Task to complete =>
Would you restate each entry word for word, omitting the pictures?

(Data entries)
*** Begin section ***
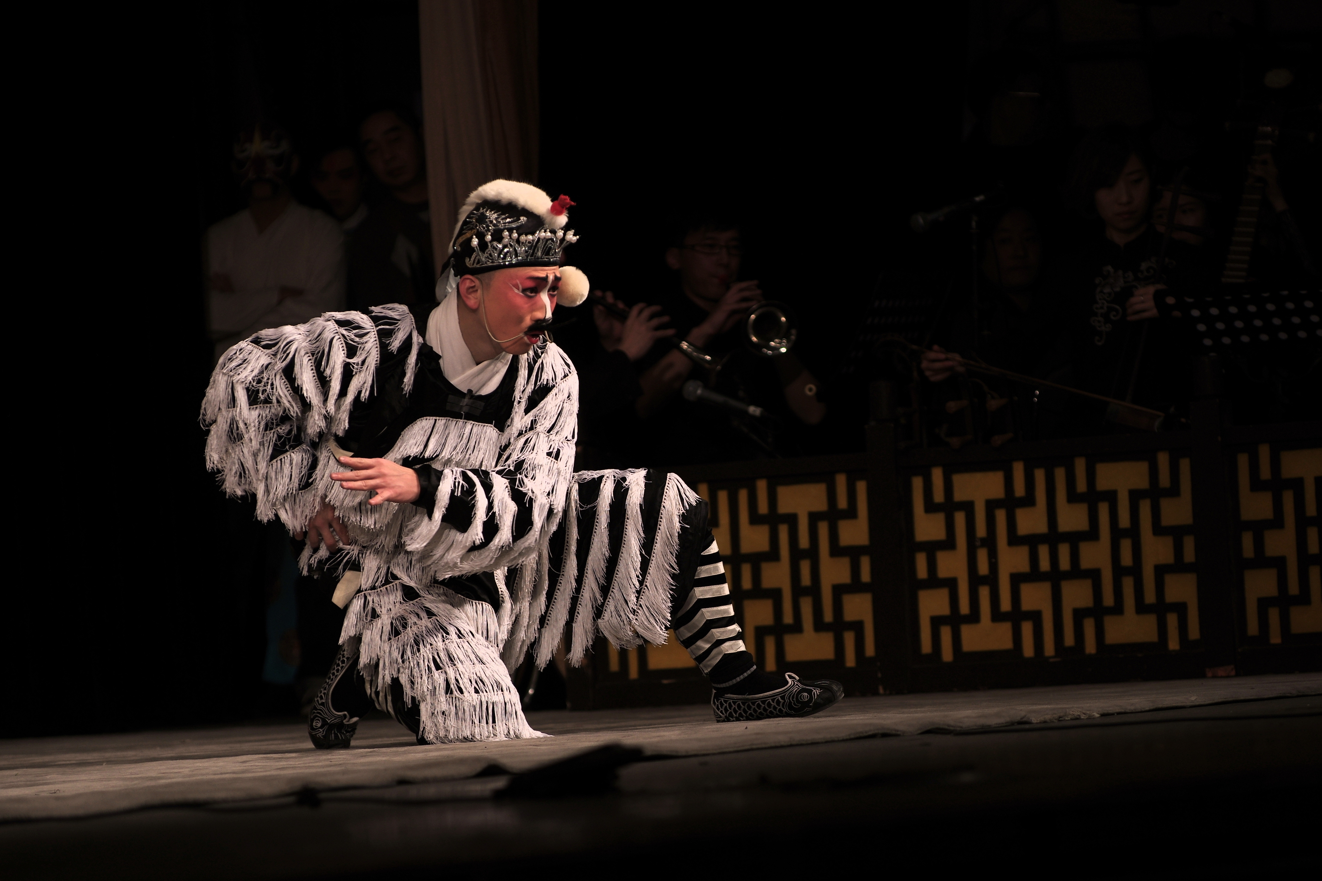 A Peking opera actor portraying Jiang Ping (The Seven Heroes and Five Gallants)
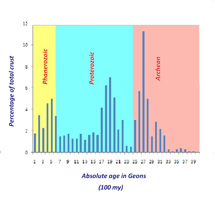 Age distribution of crust formation in percentage of total crust. Ages are given in geons (100 my). Redrawn after Condie (2006).
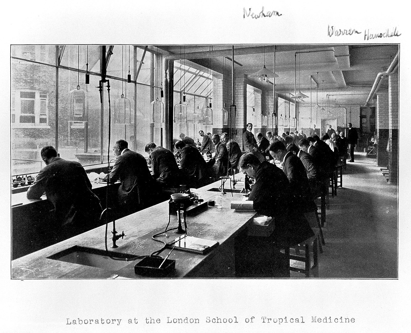 Laboratory at the London School of Tropical Medicine at the Albert Dock Hospital (Seamen's Hospital Society.) 1910. Archives & Manuscripts
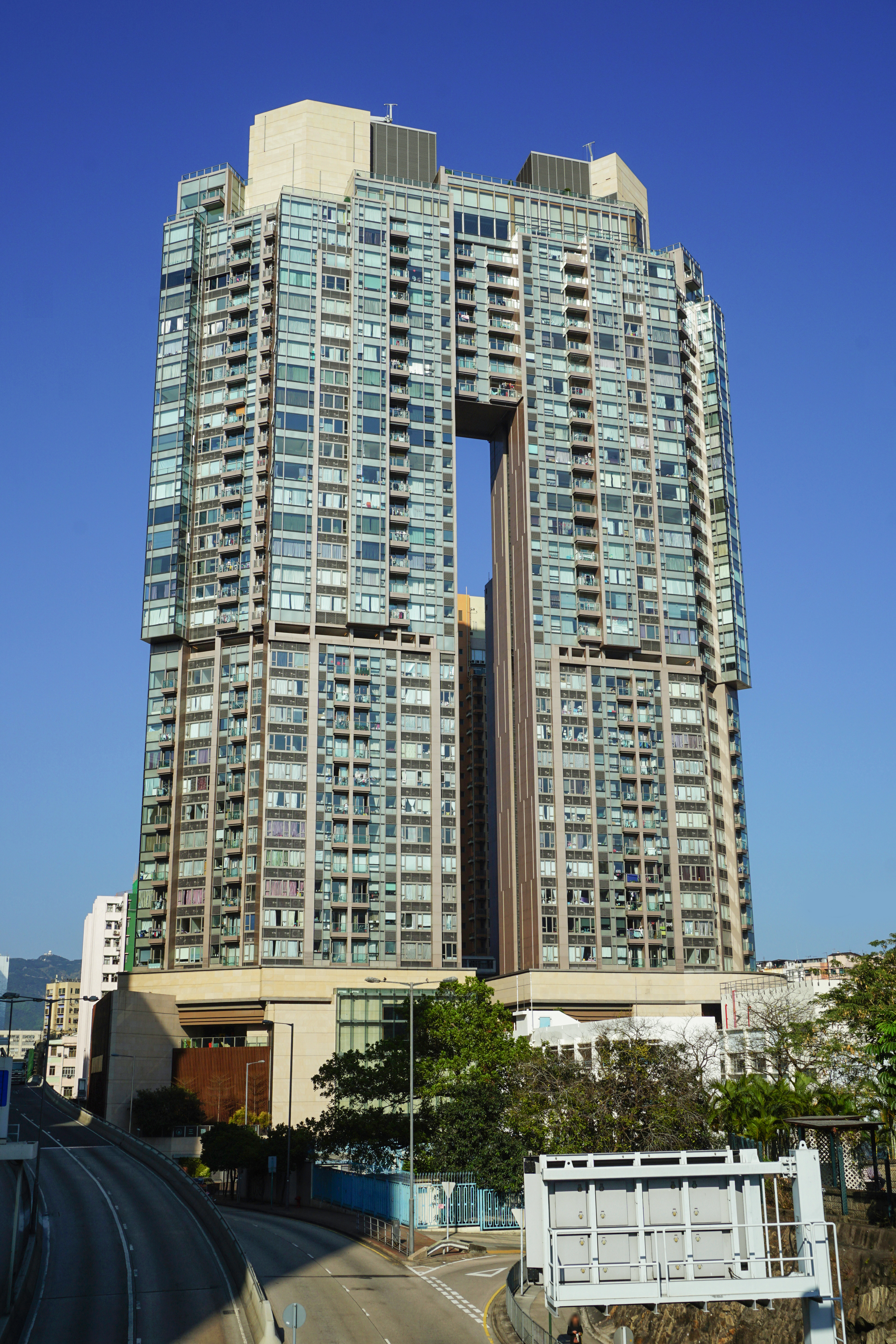 Chatham Gate in Hung Hom, Hong Kong.
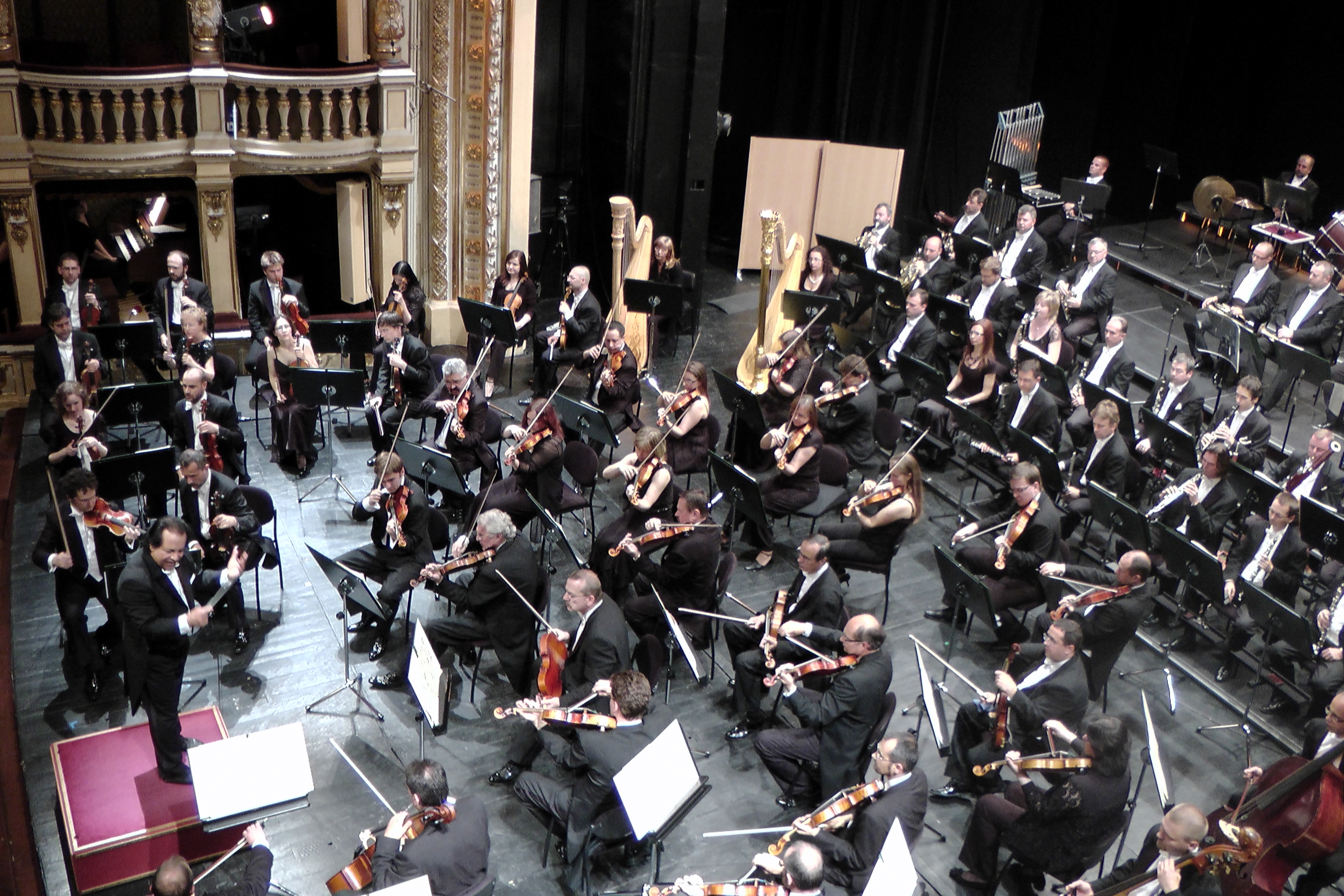 Slovak Philharmonic Orchestra with guest Persian conductor Ali (Alexander) Rahbari during a concert in Bratislava in 2010 - Photo by Pejman Akbarzadeh / Persian Dutch Network
*** End section ***
Answer to the exercise =>
 A Peking opera actor portraying Jiang Ping (The Seven Heroes and Five Gallants)
 Age distribution of crust formation in percentage of total crust. Ages are given in geons (100 my). Redrawn after Condie (2006).
 Laboratory at the London School of Tropical Medicine at the Albert Dock Hospital (Seamen's Hospital Society.) 1910. Archives & Manuscripts
 Chatham Gate in Hung Hom, Hong Kong.
 Slovak Philharmonic Orchestra with guest Persian conductor Ali (Alexander) Rahbari during a concert in Bratislava in 2010 - Photo by Pejman Akbarzadeh / Persian Dutch Network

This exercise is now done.